Lionel Messi ve Thierry Henry 2009 UEFA Şampiyonlar Ligi Şampiyonu

Thierry Henry sadece “14” numarayı ölümsüzleştirmemişti, röportajlarında “İdolüm” ve “Bir forvetin olması gereken oyuncu” olarak nitelendirdiği Van Basten’in “12” numarasını da Fransa Milli Takımı formasıyla başarıdan başarıya taşımıştı. 1998’de Dünya Şampiyonluğu, 2000’de Avrupa Şampiyonluğu, 2006’dan kalan buruk bir ikincilik ve milli forma ile en çok gol atan oyuncu ünvanı… 2010 Dünya Kupası elemelerinde oyunun doğal akışına ustaca gizleyerek fakat elinin yardımıyla attığı gol bile efsanenin mavi forma ile yaptıklarına gölge düşürecek türden değildi.

İspanya’dan sonra New York Red Bulls formasıyla ABD’de futbolun elçiliğini yapıyordu ancak 2012 senesinde 2 aylığına da olsa Kuzey Londra’ya geri dönecekti. Arsenal forması ile Leeds United ağlarına gönderdiği sert pas ve öncesinde attığı ince çalım Henry için hem kariyerinin en anlamlı ve en güzel golü olacaktı, hem de Emirates’teki seyirciler için unutulmayacak bir anı.

Henry’nin Leeds ağların gönderdiği golden sonraki sevinci.

2014 senesinde futbolu bıraktıktan sonra, oyundan asla kopmadı. Oyun hakkında sorgulayıcı yapısı Sky’da yorumculuk yaparken de, Arsenal altyapısında çalışırken de onu hep farklı kıldı. 2018 Dünya Kupası’nda Belçika etkileyici bir oyunla üçüncü olurken, Thierry Henry’de teknik ekip içerisinde başarıdan payını almış ve rehberliği ile Belçika’nın yıldızlarını etkilemişti. Turnuva sonrası verdiği bir röportajda Romelu Lukaku, Henry ile çalıştıktan sonra oyunda ulaşmak istediği seviyeyi Henry klası ile açıklayacaktı. Monaco’da geçen 20 maçlık başarısızlık ve gelen sert eleştiriler Henry’i futboldan geri tutamazdı. Tutmadı da zaten, şu sıralar Montreal’de yeni bir meydan okuma ile saha içinde yarattığı farkı saha kenarından da gösterebileceğini kanıtlamaya çalışıyor.

2018 FIFA Dünya Kupası’nda Belçika Milli Takımı teknik ekibinde.

Thierry Henry derlemelerini izlerken hala aynı hayranlıkla bakıyorum ekrana.
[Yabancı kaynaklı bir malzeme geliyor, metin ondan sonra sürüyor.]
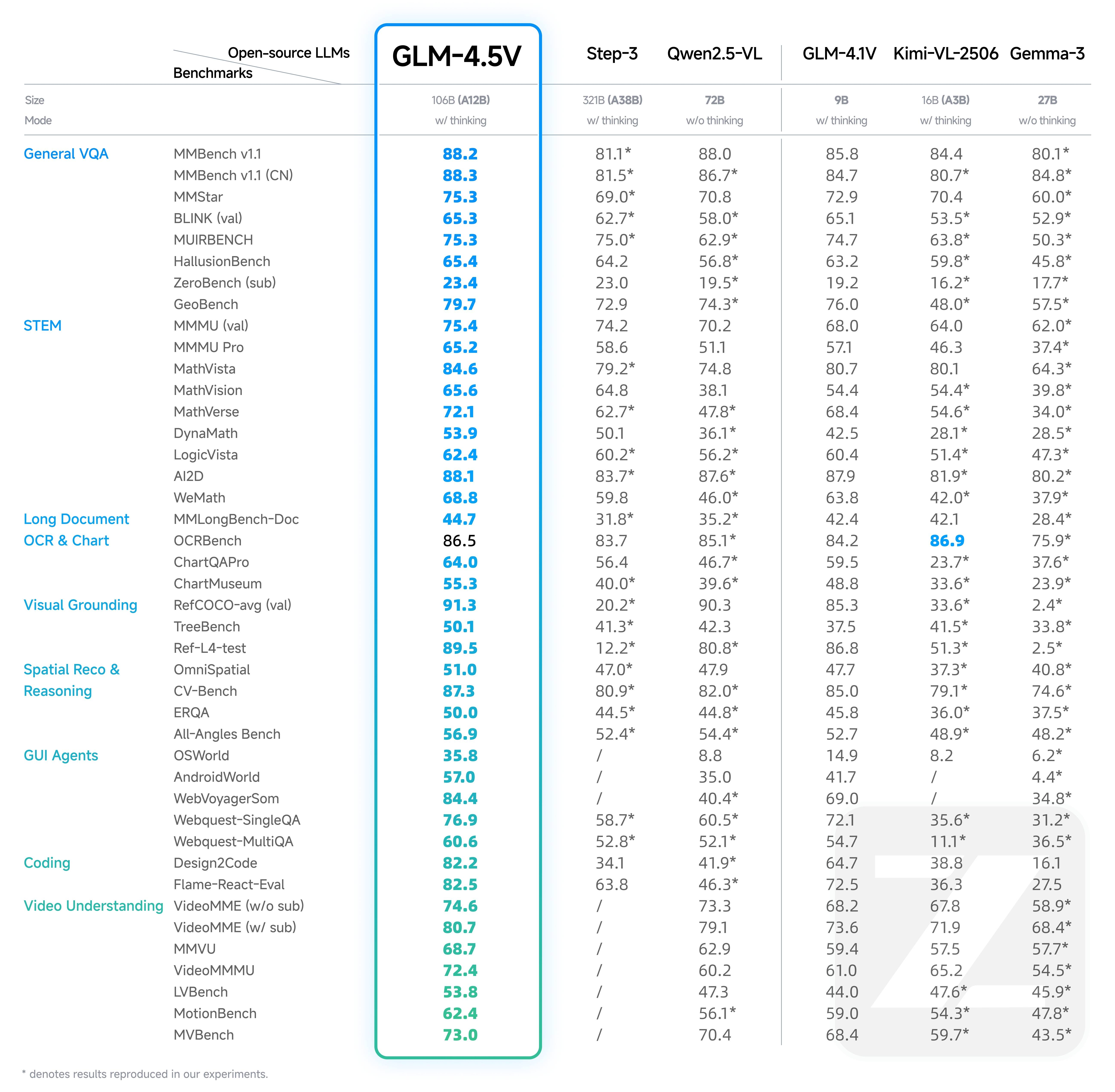 發布GLM-4.1V-9B-Thinking和GLM-4.5V兩個模型,其中GLM-4.5V是一個參數量106B,激活12B的MOE結構的模型,且包含thinking和non-thinking兩個。其中比較有亮點的是GLM-4.1V-9B-Thinking一個9B的模型在29個Benchmark上超過了Qwen2.5- VL -72B(non-thinking模型)。大模型的發展方向有兩個,一個往大的方向發展:不斷的探索scaling law。一個是往小的方向發展:參數量比較你小,但是性能比你好。所以GLM-4.1V-9B-Thinking一個9B參數的模型在多個方面超過一個72B的模型,還是很令人吃驚的。

Atılması çok zor olan çalımları ve golleri, ayağına top değen herkesin yapabileceği bir hareketmiş gibi sergilemesi bir yana, futbola karşı derin yaklaşımı ve saha dışındaki rehber tavrı onu bir futbolcudan daha fazlası kılıyor. Henry’nin mirasını sadece saha içindeki performansıyla ve kazandığı kupalarla anlatmak, hikayenin büyük kısmını görmezden gelmeye benziyor. Kobe’yi kaybetmek nasıl tüm sporseverlerin kalbinde derin bir yara bıraktıysa, “futbolun Kobe’si”nin kazanmayı hala kovaladığını bilmek yeni başarılara tanıklık edecekler için büyük bir şans.